Until like 2 days before my wedding when I realized that this was the end of my time of being known as Anna Steiner. Now I would have a completely new name. And that freaked me out. It made me feel like I was leaving something behind. I have done so many things as Anna Steiner that becoming Anna Whitmore kind of made me feel like none of those things mattered anymore. I graduated from high school, college and completed half of grad school as Anna Steiner. What had Anna Whitmore done? Nothing.
I honestly had the grieve the loss of my name. I was pretty sad about it for a few days and I felt bad about being sad because I was so excited to get married.

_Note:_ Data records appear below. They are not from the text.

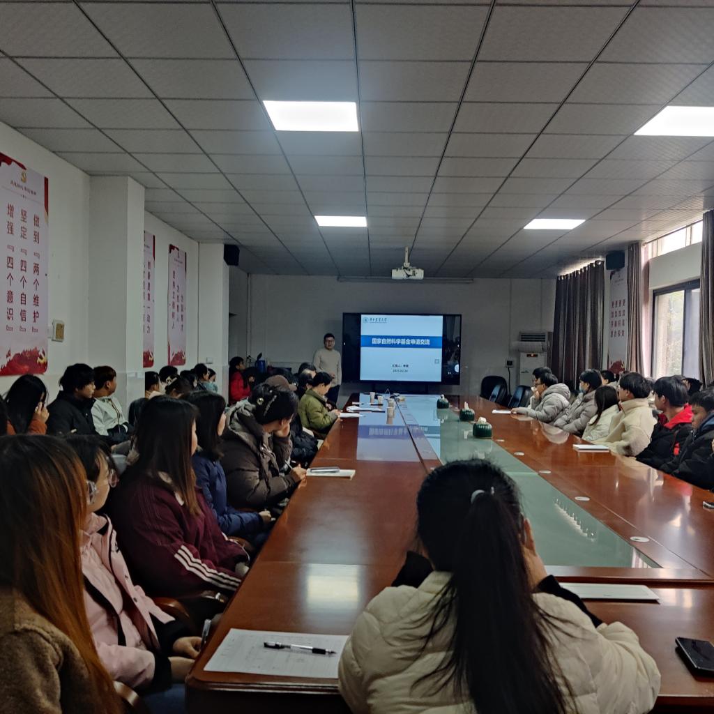 西校区1号楼217会议室,华中农业大学食品科技学院的李斌教授作了题为《国家自然科学基金申请交流》的报告,学院院长杜何为主持报告会。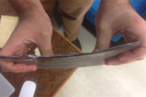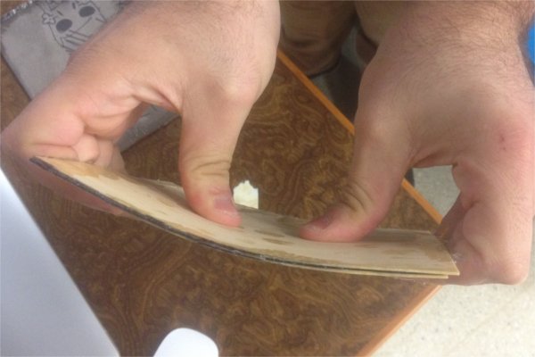 After leaving it to dry for 4 hours I had my composite. The first thing I noticed was that the resin had not properly soaked into the cardboard, leaving patches througout the mixture. However, the composite is very strong and should resonate well, if not with the same character as a timber plane of the same thickness.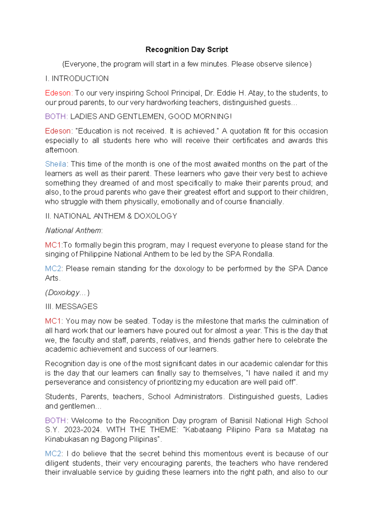 Emcee Script for Recognition Day | PDF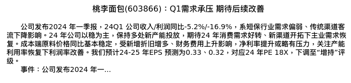 值得注意的是:2024年04月招商证券的于佳琦/胡思蓓分析师,首次发布关于桃李面包的研究报告,标题为:桃李面包(603866):Q1需求承压 期待后续改善。
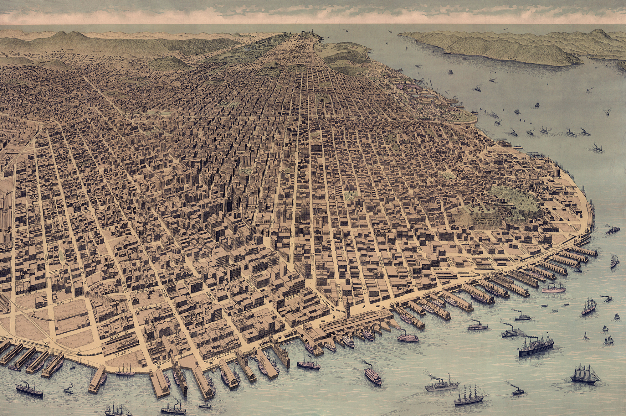 Adaugă mai mult spațiu cu fototapet! O scenă cu profunzime, pentru harta originală din 1912 care descrie povestea extraordinară a reconstrucției centrului din San Francisco, după ce orașul a fost lovit nu doar de cutremur, ci și de incendiu în 1906.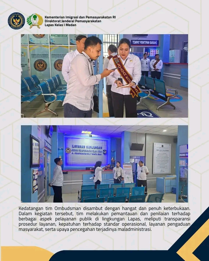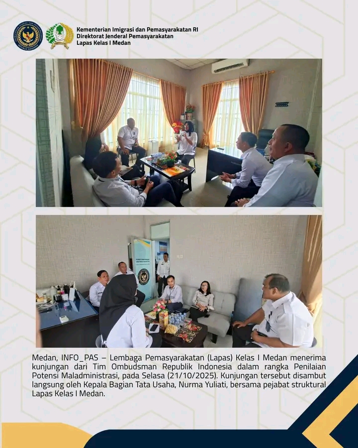 TIMELINES INEWS INVESTIGASI, Medan Lembaga Pemasyarakatan (Lapas) Kelas I Medan menerima kunjungan dari Tim Ombudsman Republik Indonesia dalam rangka Penilaian Potensi Maladministrasi, pada Selasa (21/10/2025). Kunjungan tersebut disambut langsung oleh Kepala Bagian Tata Usaha, Nurma Yuliati, bersama jajaran pejabat struktural Lapas Kelas I Medan.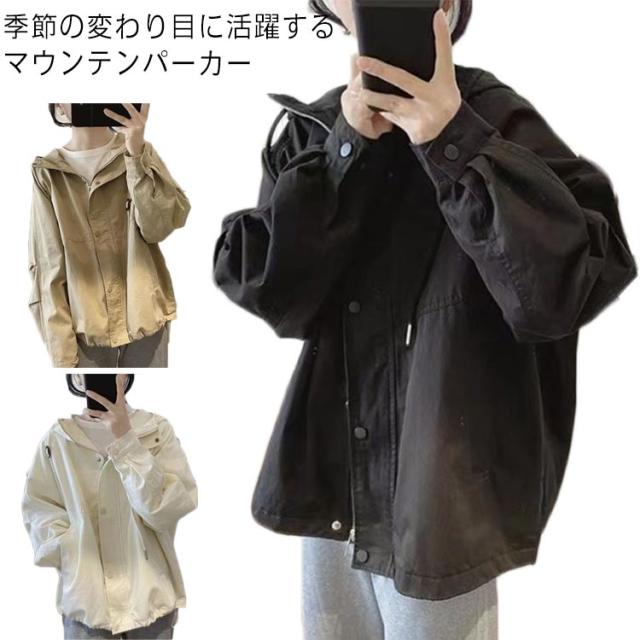 マウンテンパーカー レディース 春 アウター ブルゾン ライトアウター 春物 春先 ジャケット コート ナチュラル 羽織り パーカー スプリングコート 大人 マンパ ゆったり 大きいサイズ フード付き 裏地付き きれいめ 通勤 デイリー 2024新作 【送無】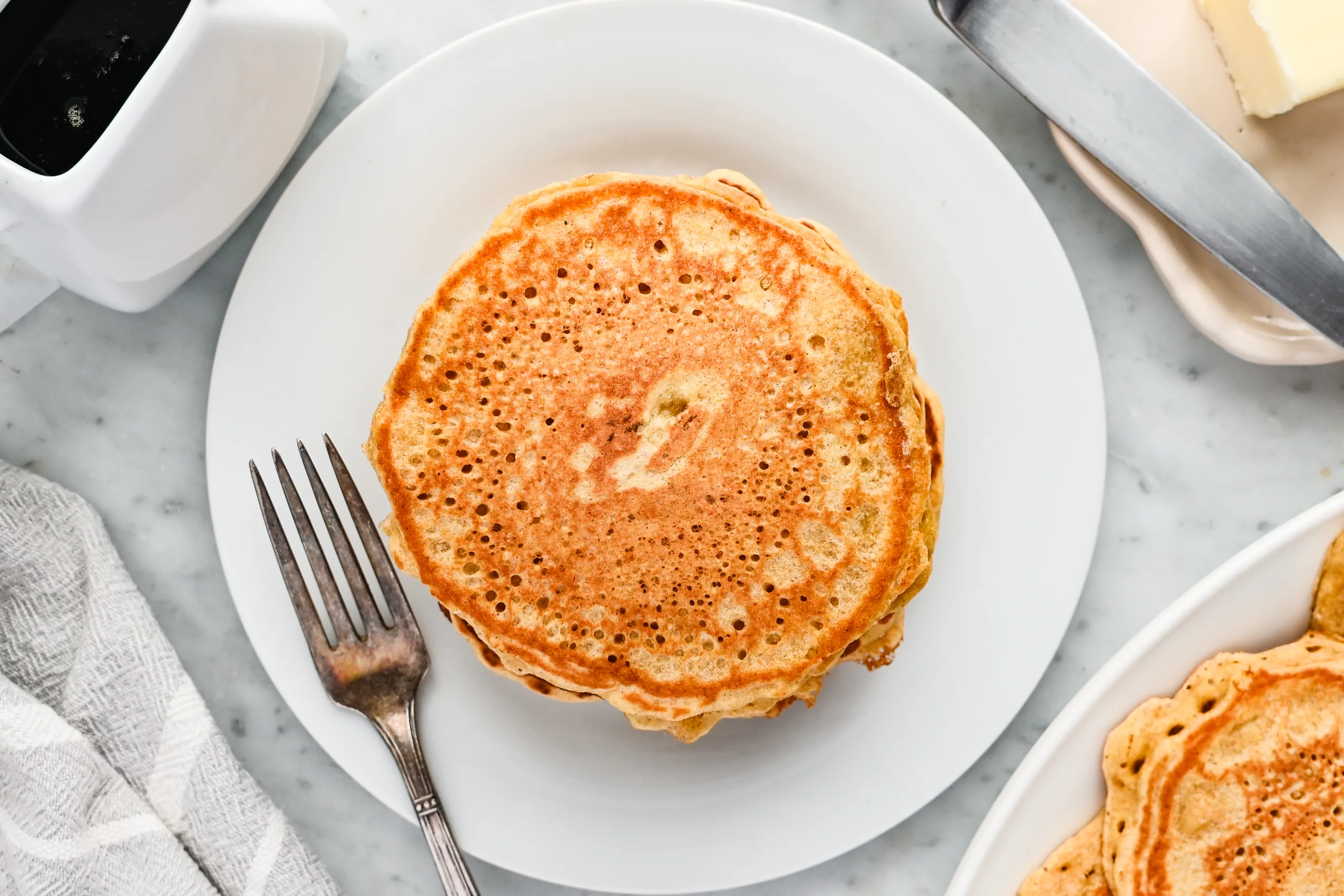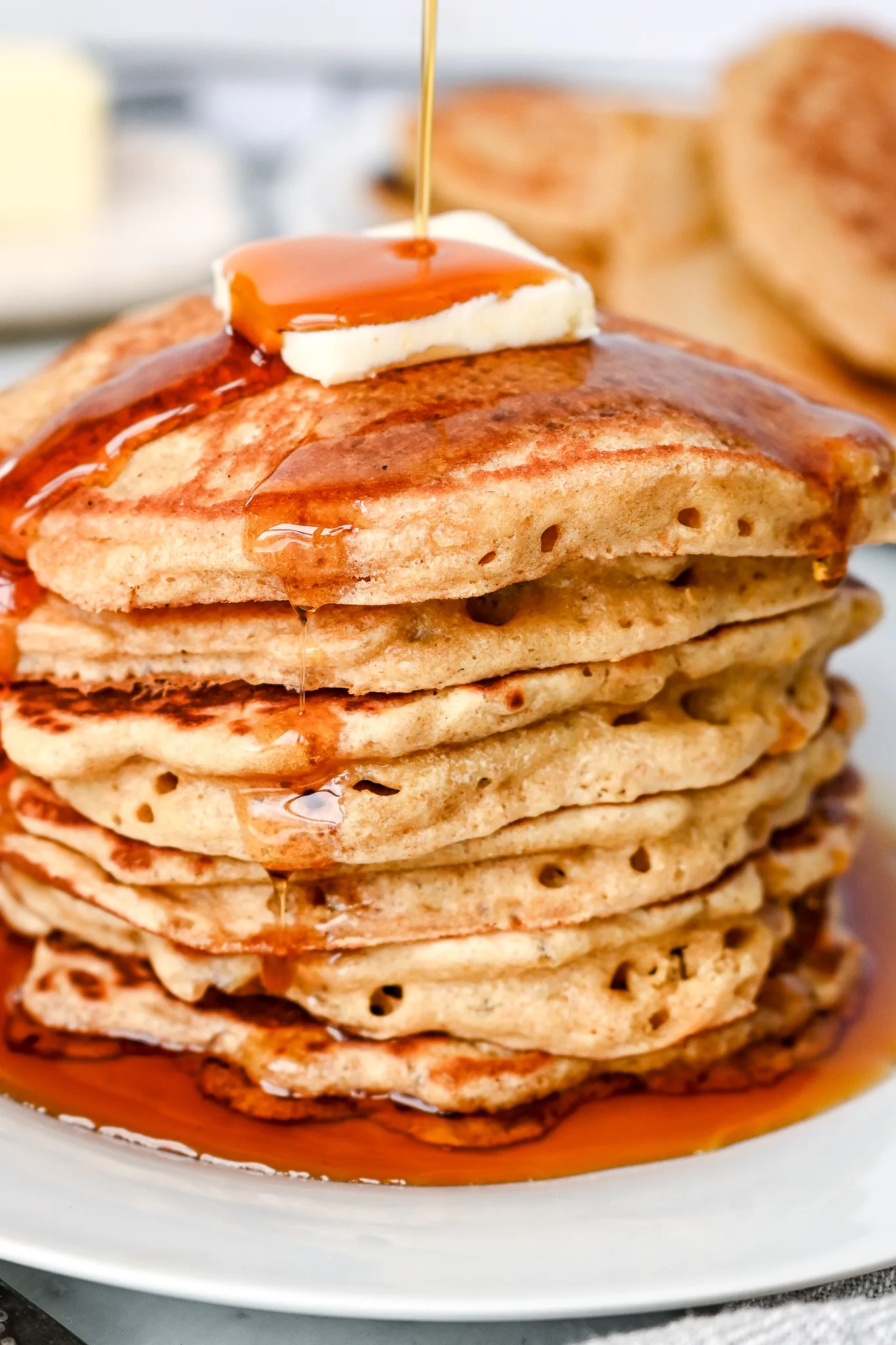 Adding sourdough discard gives these whole wheat pancakes a deeper flavor and a softer texture without making them taste sour. To use this option, stir ½ cup sourdough starter discard (or active starter) into the batter and reduce the milk by ½ cup to keep the consistency the same. Prepare and cook the pancakes as directed. This is an easy way to reduce waste while adding gentle fermentation benefits to a simple, old-fashioned breakfast.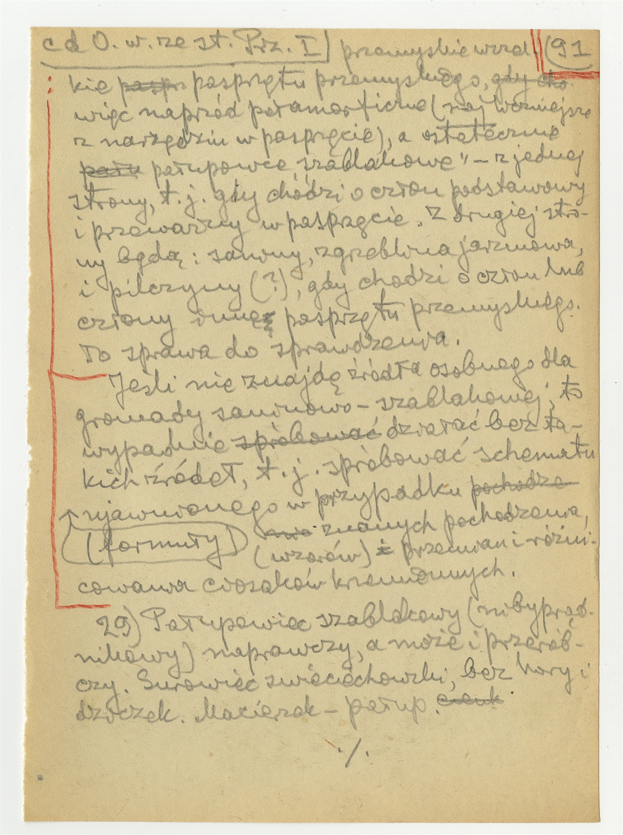 Rękopis pracy pt. "Materjał 1-y do Pasprzęt przemyski" - strona 97: o pochodzeniu form narzędzi pasprzętu przemyskiego c.d "29. Pałupowiec szablakowy (…)"
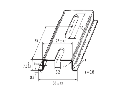 DIN-lišta 35x7,5 - děrovaná, šířka otvoru 5,2mm, pasivovaná
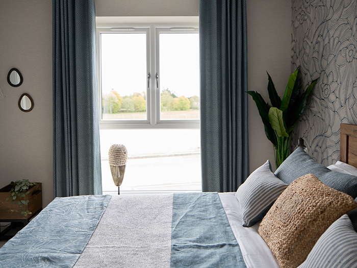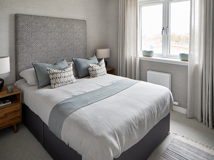 Upstairs, there are 4 spacious bedrooms. Interior design specialists Ambiance were keen to explore textural fabrics in these rooms — giving you some fresh inspiration for your own decorating choices.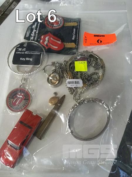 COSTUME JEWELLERY, "THE ROLLING STONES" KEYRINGS, "58 THUNDERBIRD" MATCHBOX CAR AND SPENT BULLET SHELL.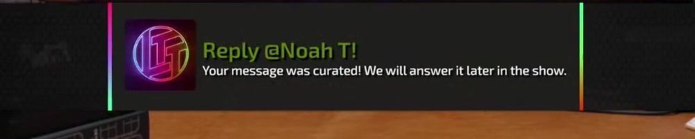 Reply @Noah T! Your message was curated! We will answer it later in the show.
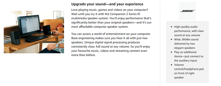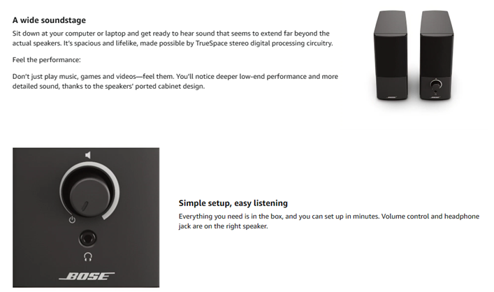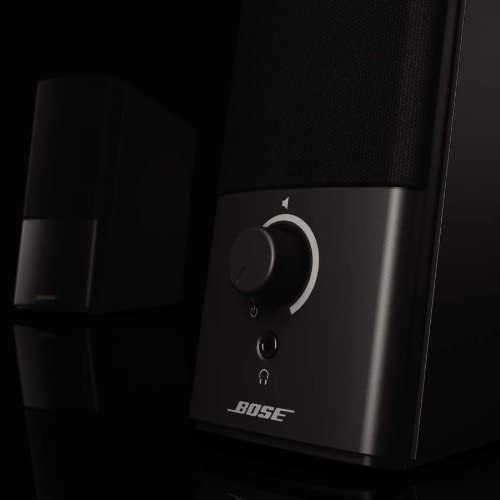 Do you love playing music, games and videos on your computer? Wait until you try it with the Bose Companion 2 Series III multimedia speaker system. You'll enjoy performance that's significantly better than, your original speakers, and it's the most affordable computer speaker system from Bose. You can access a world of entertainment on your computer. Bose engineers make sure you hear it all with just two compact, elegant speakers. Unique digital signal processing produces clear, full sound at any volume. So you'll enjoy your favorite music, videos and streaming content even more than before. Sit down at your computer or laptop and get ready to hear a sound that seems to extend far beyond the actual speakers. It's spacious and lifelike, made possible by TrueSpace stereo digital processing circuitry. Don't just play music, games and videos feel them. You'll notice a deeper low end performance and more detailed sound, thanks to the speakers ported cabinet design. Everything you need is in the box, and you can start enjoying better sound in minutes. Volume control and headphone jack are on the right speaker. Use the auxiliary input to bring Bose performance to another audio source such as your iPhone or iPad. Upgrade your sound and your experience with Bose Companion 2 Series III speakers.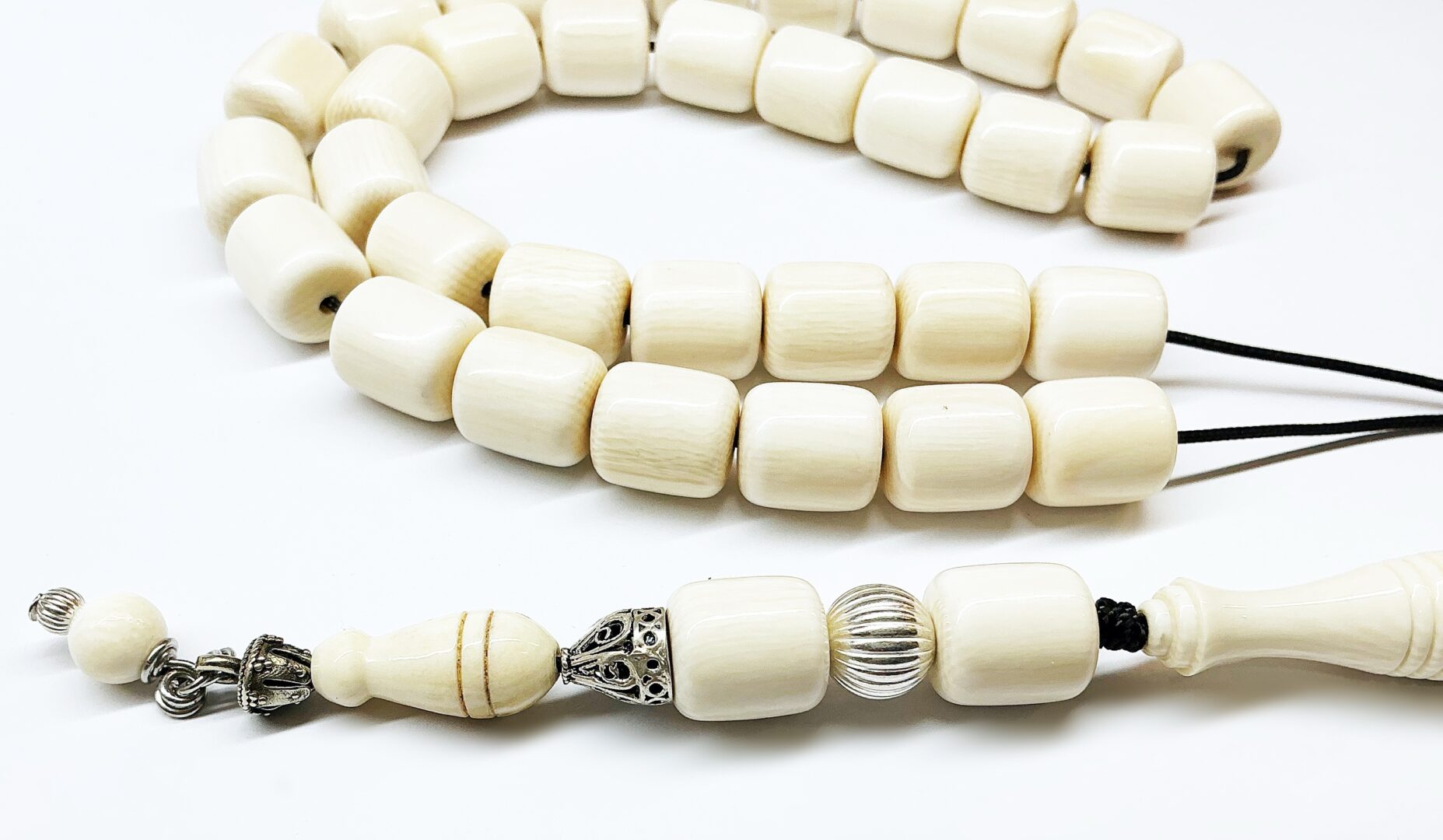 Χειροποίητο κομπολόι 33άρι από Ελεφαντόδοντο παλιό σε άριστη κατάσταση σε σχήμα βαρελάκι.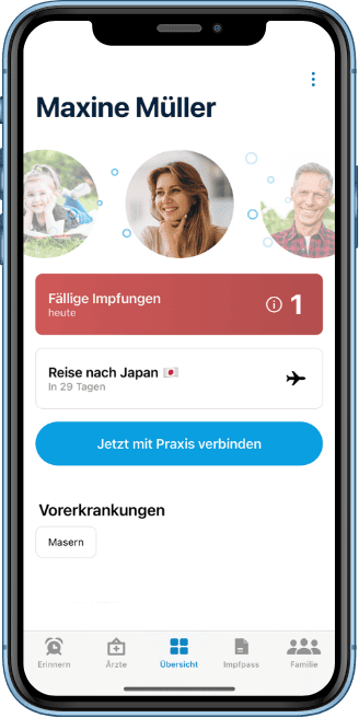 Du kannst Impfdaten für dich und deine gesamte Familie verwalten. Für jedes Familienmitglied kannst du individuelle Erinnerungen einrichten. So behältst du den Überblick über fällige Impfungen – vom Kleinkind bis zu den Großeltern.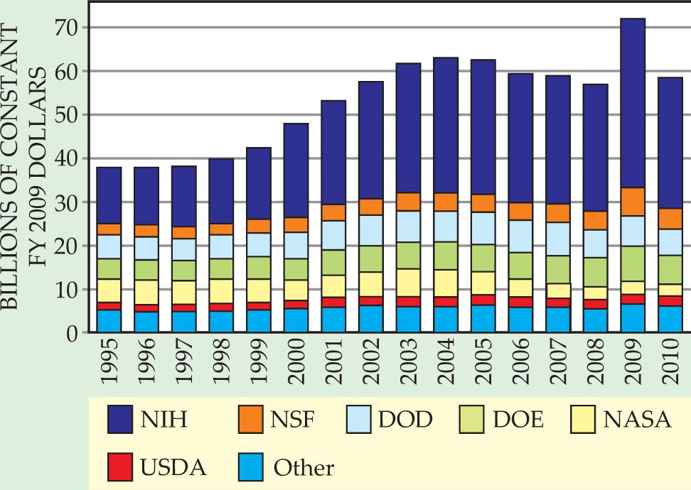 Trends in research by agency, FY 1995-2010 Federal support for basic and applied research will fall from a record high of $71.9 billion this year to $59 billion in fiscal 2010, under the budget proposed by President Obama. Excluding the $13.3 billion that was appropriated earlier this year in the American Recovery and Reinvestment Act, some of which will be spent in FY 2010, year-to-year spending would rise 0.4%. The Obama request would add considerably to R&D programs that promote clean forms of energy and mitigate climate change. Department of Defense R&D would be pared nearly $2 billion, or 2%, with nonmilitary R&D seeing an increase of $2.2 billion, or 3.6%. The Obama administration has pledged to continue an effort begun by President George W. Bush in FY 2007 to double the budgets of key basic physical sciences research programs by 2016. Obama has promised further growth for R&D in the years ahead as he aims for the US to achieve a spending level equal to 3% of gross domestic product. The federal government today pays for about one-third of total US R&D.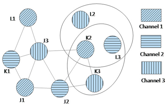 The received signal-to-noise ratios (SINRs) at the base station (BS) from the jth, kth, and lth user equipment are given by Equations (1)–(3), respectively. Let ‘x’ be a binary value which takes the value of 1 when two UEs are allocated the same resource block.

Another thing that was odd about changing my name was that people assumed I was going to and made a point about it. When I didn't automatically change my name on Facebook and other social media sites people made a big deal about it. They kept asking why I hadn't changed my name yet. I hadn't changed it because I was busy having a wedding and going to Hawaii. So you can all just cool your jets.
That almost made me not want to change my name just to spite them. But my name is obviously more important than spite.
I still haven't gotten used to the fact that I am Anna Whitmore now. It is really hard and always feels awkward when I have to introduce myself as Anna Whitmore. Luckily I have had some time to ease into it because all of my documentation to go to Africa is under Anna Steiner so I can't legally change my name yet. I am actually really grateful that I haven't totally converted to Anna Whitmore yet. It is way more emotional than I ever expected it to be.
In the end I will end up fully becoming Anna Whitmore because it is really important to me that Spencer and I share a name. But for now I am just going to ease myself into it because I am not quite ready to let go of Anna Steiner.